Chantal Pellerin lives near the new site and says although it is needed, it might be too far for those using the current facilities.

"Vanier has always been known as one of the places where we have a lot of transients and a lot of crime, etcetera. Though I understand there’s a need for it," says Pellerin. "It makes it difficult for people who are already centrally located downtown. And now have to travel down here to get those services that they need."

The Salvation Army made its case before the committee, saying the services it will provide at the new facility are urgently needed.

"We’re thrilled that Planning Committee has approved the site plan for the Salvation Army’s Centre of Hope on Montreal Road," says the Salvation Army’s Glenn van Gulik. "Our vision for the Centre is a place of hope and transformation; one that works with the community to support those who are struggling and building with them a hopeful future."

The Salvation Army's plan for a residential care facility and emergency shelter includes 32 supportive housing beds. The emergency shelter will be 25 per cent smaller than the original plan, offering 99 beds instead of 140.

The city of Ottawa says the proposed addictions program has been eliminated from the plan.

Drew Dobson owns Finnigan’s Pub, right next to where the new shelter will be. He’s worried that it could be too big for the area.

"It’s not that we don’t want anyone here. We just want a reasonable facility here that fits in with the community," says Dobson. "The city does need shelter facilities and the ones in the market are all aging and maybe it’s time for a new modern facility. But the new modern facility should not exceed 100 beds maximum. They will overwhelm the community you put them in if you build them too big." 
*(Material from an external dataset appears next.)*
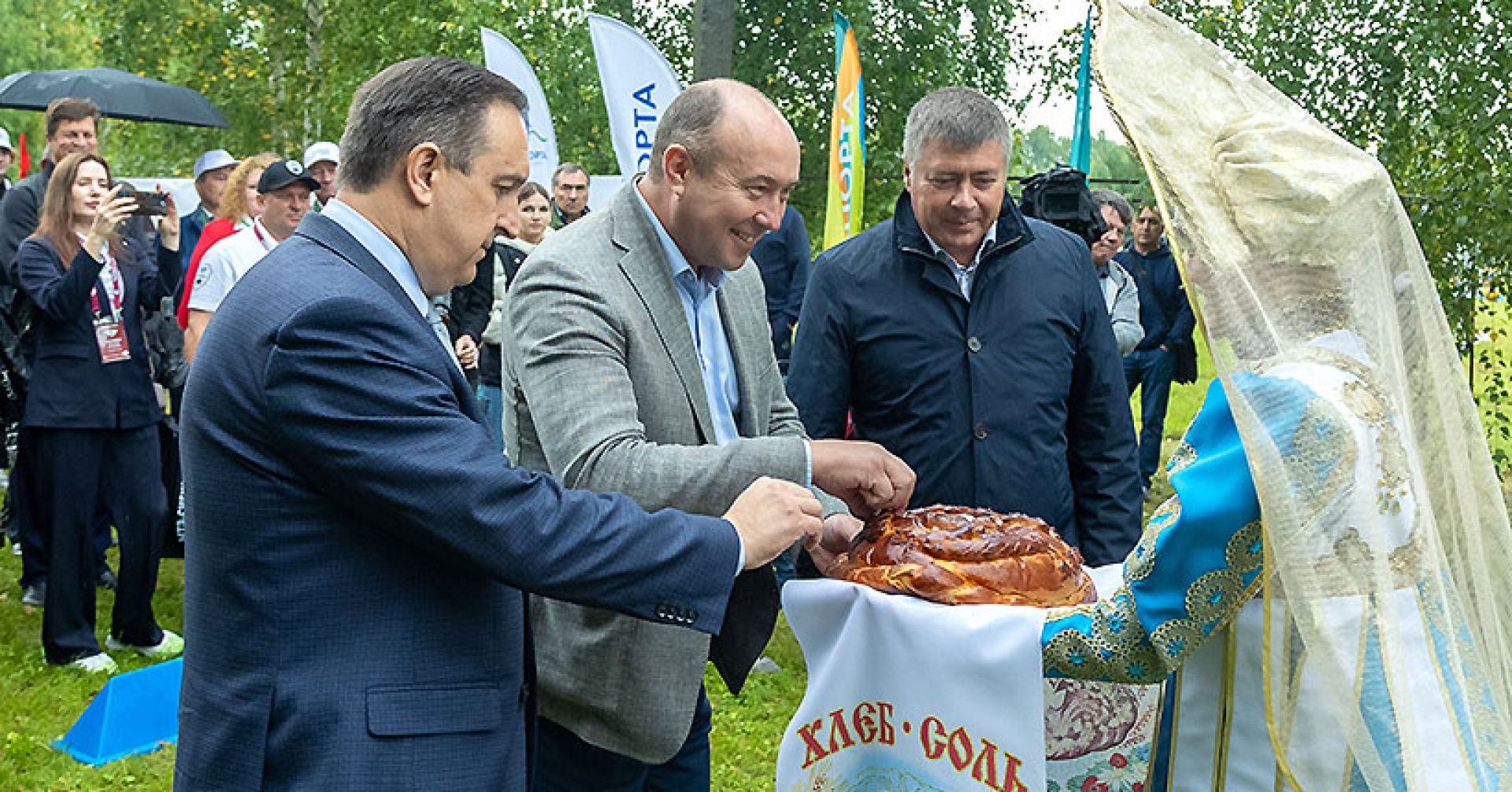 Хлеб-соль для дорогих гостей: глава Колыванского района Евгений Артюхов, министр сельского хозяйства НСО Андрей Шинделов и министр физической культуры и спорта Сергей Ахапов.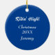 O seu snowboarder vai adorar este Enfeites de natal! Apresenta uma imagem prateada de um snowboarder em frente a um spray de flocos de neve prateados. A imagem é colocada sobre um fundo azul profundo. A parte de trás do ornamento é a mesma azul, com três campos de texto para personalização.

The proposed design will be built mostly behind the thrift store as to keep it off the main road. Councillor Mathieu Fleury is opposed to the idea, saying there are better ways to support the city's most vulnerable. 

"I will continue to advocate and push my colleagues so that public dollars go to models that are modern. And that bring a dignity and bring stability," Fleury said. "And the only way to do that is when someone has a key to a unit with a lease."

Reaction of the relocation is mixed from residents in the area.

"I don’t think it’s going to bring down the neighbourhood," says one Vanier resident.

"It’s really tough but if my heart is speaking I would have to say, whereever there is room we have to do this," says Vanier resident Nicole Maillet.

"It’s a service that’s needed, so I understand," says Pellerin. "But I’m sort of on the fence in terms of how I feel about that."

With this approval, the Salvation Army is one-step closer to finally getting a new facility.